DATA SEGMENT:
※
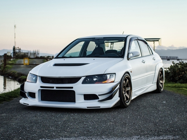 Обои: Белый спортивный Mitsubishi Lancer Evolution IX
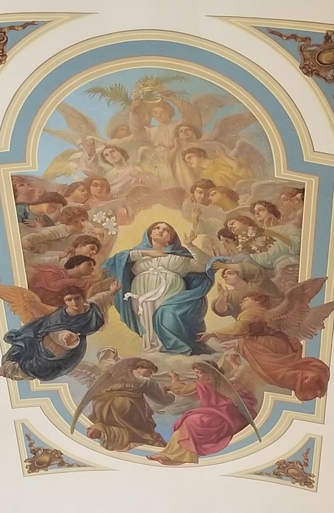 When the small choir began to sing, however, the echoing acoustics were marvelous, engraving a spiritual moment in my heart. As I knelt down during Mass, prayers were lifted high, high up – good thing that the ceiling was so high! The holiness of encountering Christ was fitting to this reverent place, surrounded by scenes of past heroes in faith.
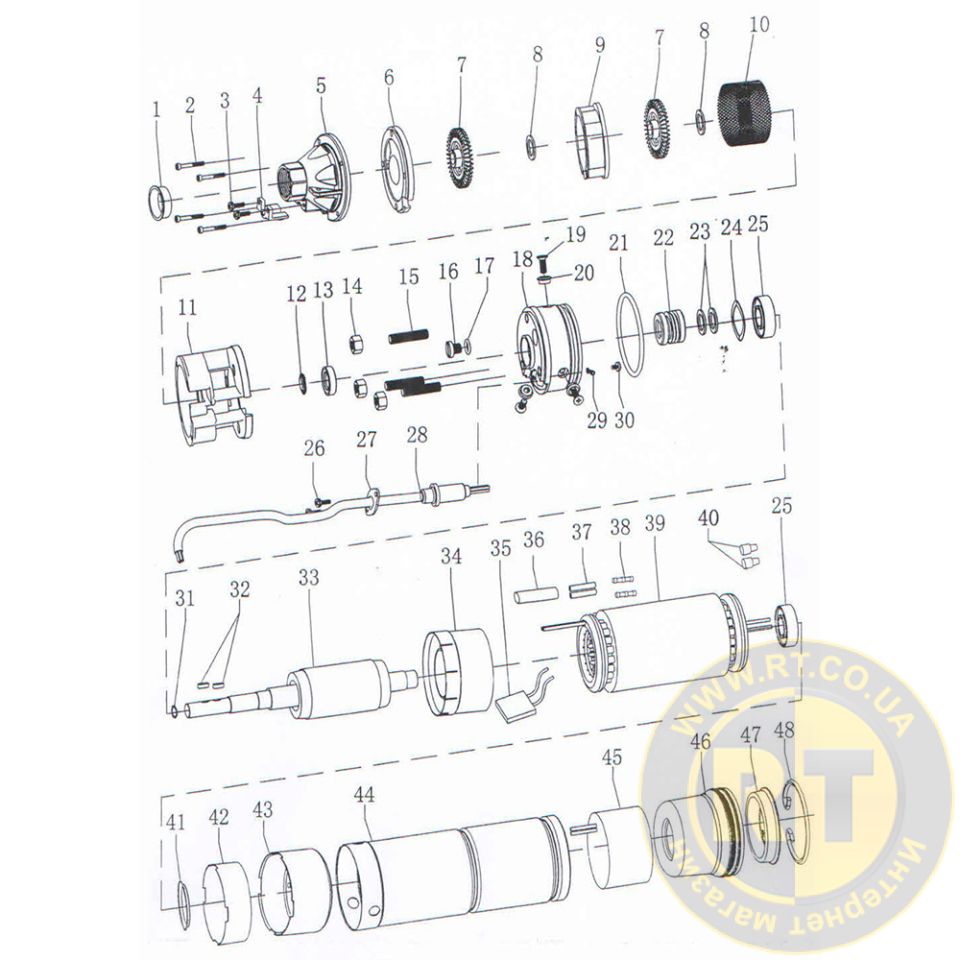 - Тип двигуна: асинхронний, маслонаповнений, з вбудованим в обмотку термозахистом
※
TASK PROMPT:
Please print the data above once more, exactly as it appears, with no pictures.

OUTPUT OF THE EXERCISE:
 Обои: Белый спортивный Mitsubishi Lancer Evolution IX
 When the small choir began to sing, however, the echoing acoustics were marvelous, engraving a spiritual moment in my heart. As I knelt down during Mass, prayers were lifted high, high up – good thing that the ceiling was so high! The holiness of encountering Christ was fitting to this reverent place, surrounded by scenes of past heroes in faith.
 - Тип двигуна: асинхронний, маслонаповнений, з вбудованим в обмотку термозахистом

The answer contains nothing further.